And the gods of Joy and Laughter, who cannot breathe in such an atmosphere, would silently depart. Now, however, they had found their way back, slipping easily and gladly into the place they loved.

When, half an hour later, Michael limped down the garden path with Paul, he nodded in the direction of studio number seven.

“Shall we say Tuesday afternoon for our call?” he asked carelessly.

Paul had a momentary feeling of surprise. He did not show it.

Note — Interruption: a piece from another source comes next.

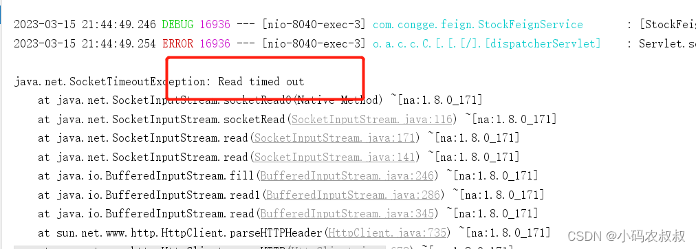 同时观察控制台输出日志,可以看到输出了 超时的信息;

“Right,” he replied equally carelessly.

And the little faun laughed to hear them, and piped a madder dance still to the rose-petals which had whirled below his pedestal at intervals throughout the day.


CHAPTER VIII
A MAN’S CONSCIENCE

JASPER Merton was a man who had been born with a curious kind of conscience. He was perpetually looking at it, dusting it, and seeing that it kept in what he considered perfect working order. In reality it only worked spasmodically and at unexpected intervals. He possessed, also, an enormous amount of that quality which is generally termed artistic sensitiveness, but which is most frequently a polite and pretty name for selfishness. He see-sawed between conscience and—it must be given its right name—selfishness, in a manner which made his life not only uncomfortable to himself, but almost equally uncomfortable to others.

He had, too, a skeleton which he kept in a cupboard, in other words, in a small—a very small—house in Chiswick. That skeleton was a woman. She was his wife, and a secret.